# Dumping bios from Apple cards



## pipomolo42 (Jan 25, 2008)

Hi,

Currently, GPU-Z does not seem to ba able to dump completely the rom of a Apple card...

Does it read it from 0xC0000, or from the card's BAR register ?

Apple Nvidia cards have 128kb roms (64kb for BIOS and 64 kb for EFI), and only the first half is copied to 0xC0000.

To be a bit more precise: the card's romchip contains two contatenated PCI Option Roms, and the Option Rom PCIR structure contains an "indicator" byte which is equal to 0x80 if this is the last Option Rom, and 0x00 otherwise

And Apple ATI cards romchip seems to only contain a EFI Option Rom, and the machine's EFI Firmware contains somethingthat looks like a ATI BIOS Option Rom. So, in this case, what is present in 0xC0000 has absolutely nothing in common with what is in the romchip

It would be really nice if GPU-Z could dump them correctly ... and I'm available if testing is required (as it seems it's a closed source application, there's not much more I can do).


Regards,
Alex


----------



## W1zzard (Jan 25, 2008)

gpu-z reads using the PCI BAR or internal GPU mechanisms, but never using C0000.

what kind of bios dumps do you get with gpuz ?


----------



## pipomolo42 (Jan 25, 2008)

Well, here is the full dump of my card: http://boeglin.org/~alex/7300_orig.rom

With GPU-Z, I only get the first 59904 bytes.

At offset 0x18 of the Option Rom, you have a word pointer to the PCIR structure, and at byte 0x15 of this structure, you have the "last rom indicator" byte.


----------



## pipomolo42 (Feb 12, 2008)

Hello,

It seems the issue is still there in GPU-Z 0.1.6.

Is there anything I can do ?


----------



## pipomolo42 (Mar 5, 2008)

Sorry to insist  I just tried 0.1.7 with the same result.
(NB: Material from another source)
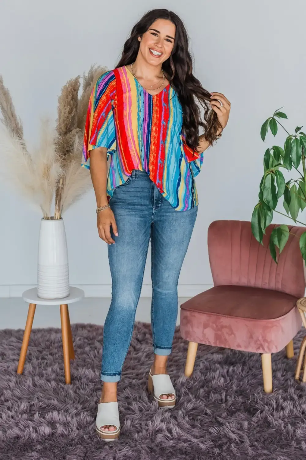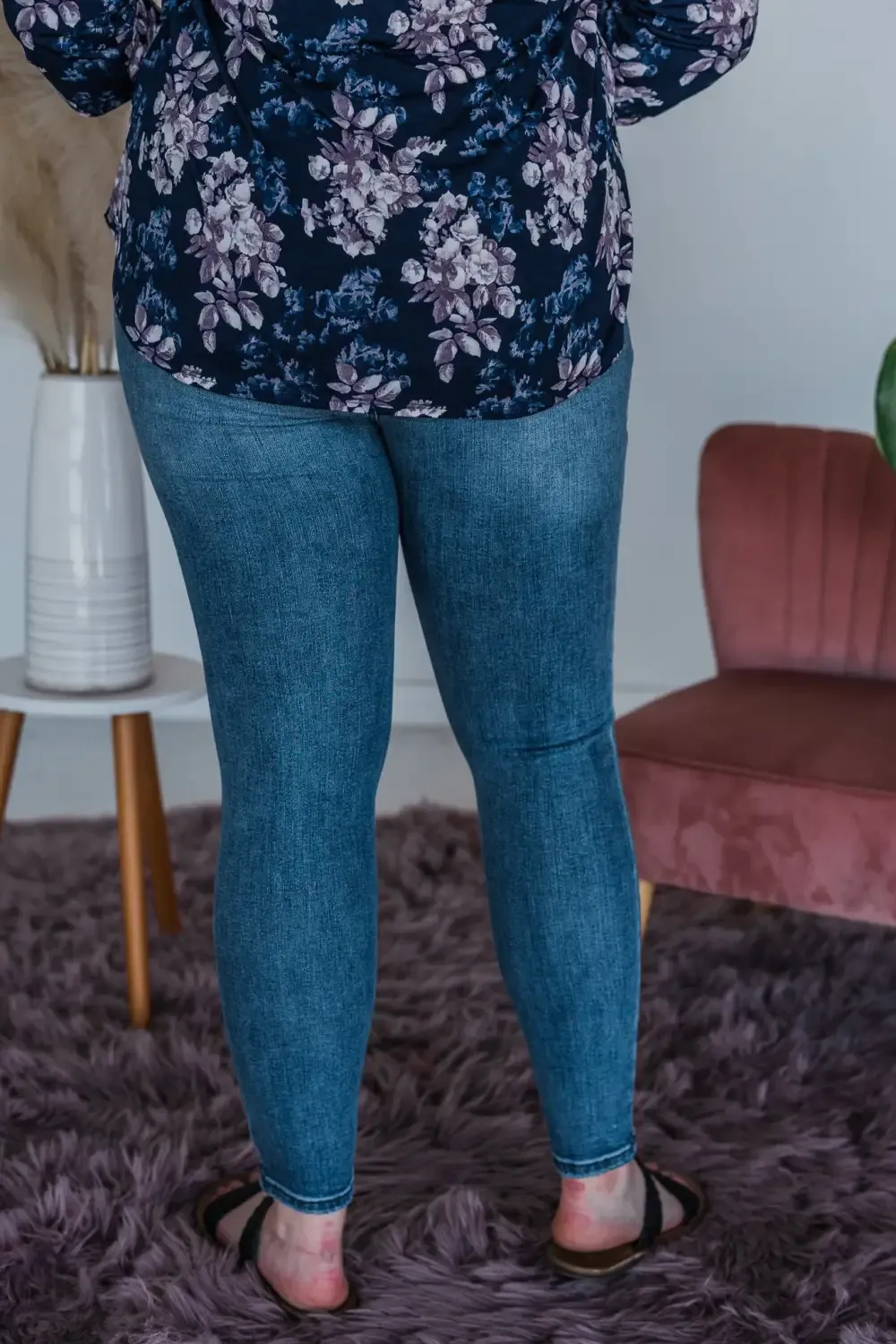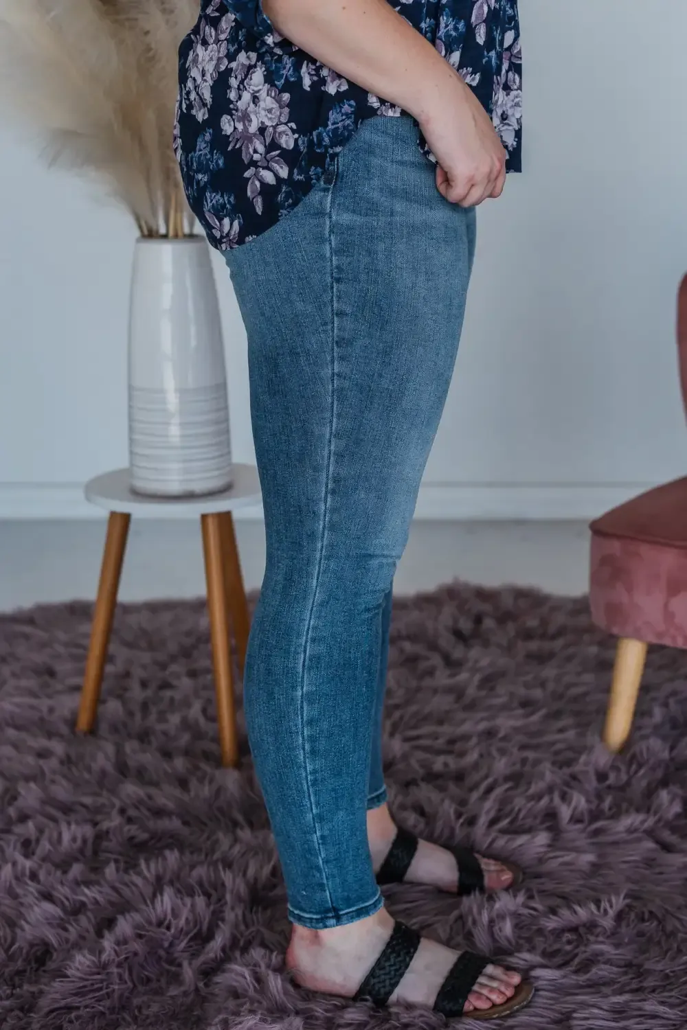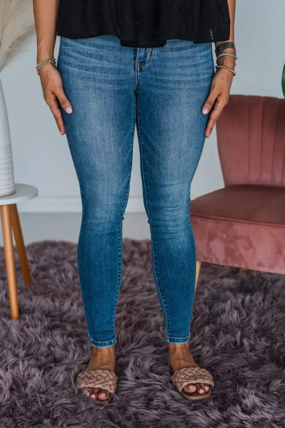 We suggest sticking with your true Judy Blue size shown above for the perfect fit.

Also, even if only Apple cards use that kind of "multi part" roms now, it might become much more common soon, as EFI is supposed to replace bios in the next few years (or at least, that's what EFI vendors are claiming)...


----------



## Solaris17 (Mar 5, 2008)

youll prob get your answer but w1zz is at cbit and will offline for a couple of days


----------



## Bundy (Mar 5, 2008)

Solaris17 said:


> youll prob get your answer but w1zz is at cbit and will offline for a couple of days



Lets buy Wizz a crackberry so he can respond 24/7


----------



## Solaris17 (Mar 5, 2008)

no thats like the wow of phones poor w1zz


----------